TASK TO CARRY OUT – A word-for-word copy of the entries is the goal; leave out the pictures.

RECORD SET –
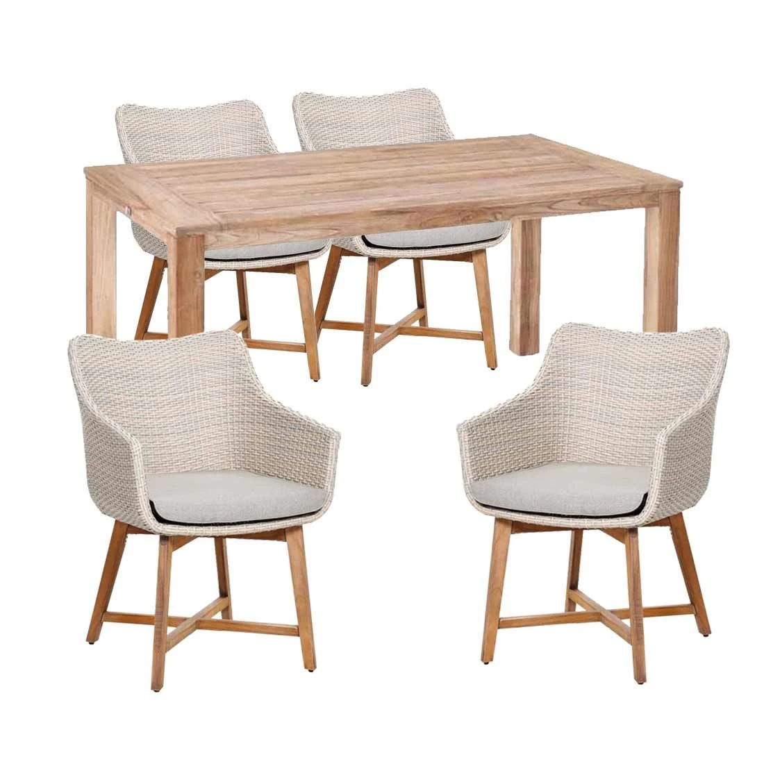 Das stabile Untergestell ist von einem hochwertigen Geflecht aus Polyrattan umwoben. Sowohl die Gestelle als auch die Tischplatte werden aus Teakholz gefertigt. Somit gibt das Gartenmöbel-Set ein einheitliches Bild auf Ihrer Terrasse ab.
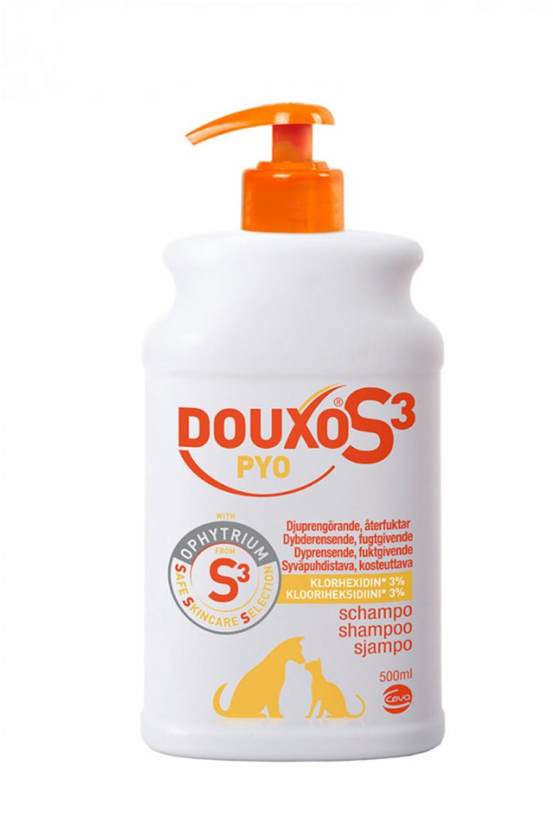 DOUXO®S3 Pyo Schampo och mousse har en unik formulering som kombinerar 4 olika aktiva ingredienser:
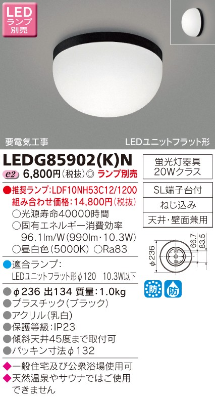 東芝 LEDアウトドアシーリングライト (ランプ別売) LEDG85902(K)N
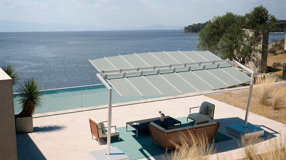 Wysokość parasola ogrodowego Flexy Zen (przy standardowym położeniu) 249 cm.
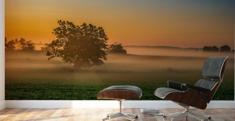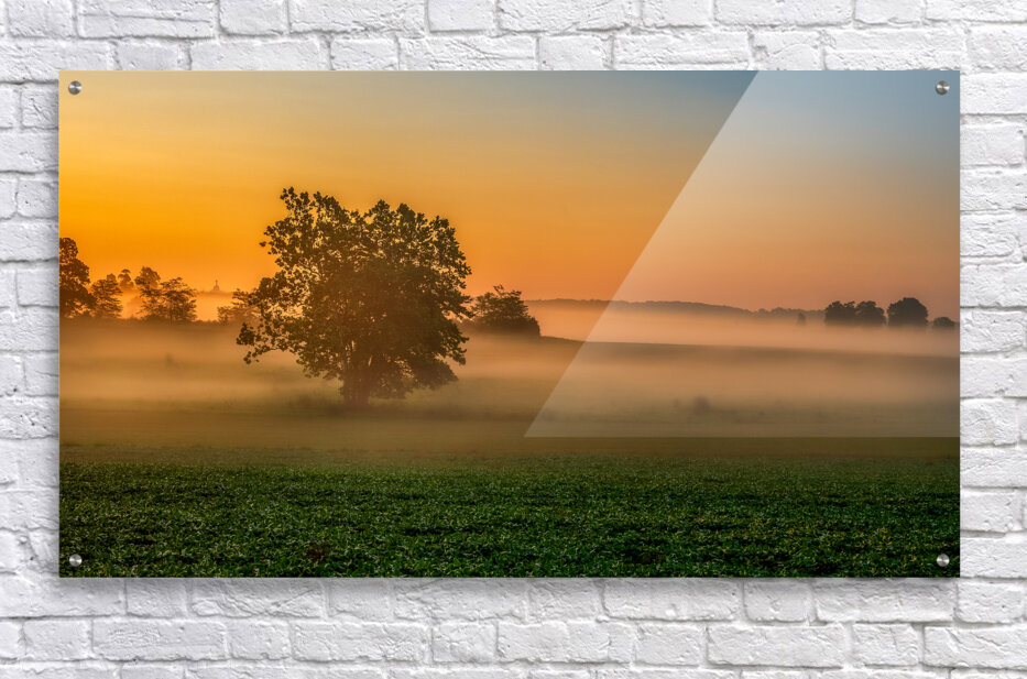 Dawns Embrace: Morning Tranquility at Gettysburg  Impression sur bois

RESULT OF THE EXERCISE –
 Das stabile Untergestell ist von einem hochwertigen Geflecht aus Polyrattan umwoben. Sowohl die Gestelle als auch die Tischplatte werden aus Teakholz gefertigt. Somit gibt das Gartenmöbel-Set ein einheitliches Bild auf Ihrer Terrasse ab.
 DOUXO®S3 Pyo Schampo och mousse har en unik formulering som kombinerar 4 olika aktiva ingredienser:
 東芝 LEDアウトドアシーリングライト (ランプ別売) LEDG85902(K)N
 Wysokość parasola ogrodowego Flexy Zen (przy standardowym położeniu) 249 cm.
 Dawns Embrace: Morning Tranquility at Gettysburg  Impression sur bois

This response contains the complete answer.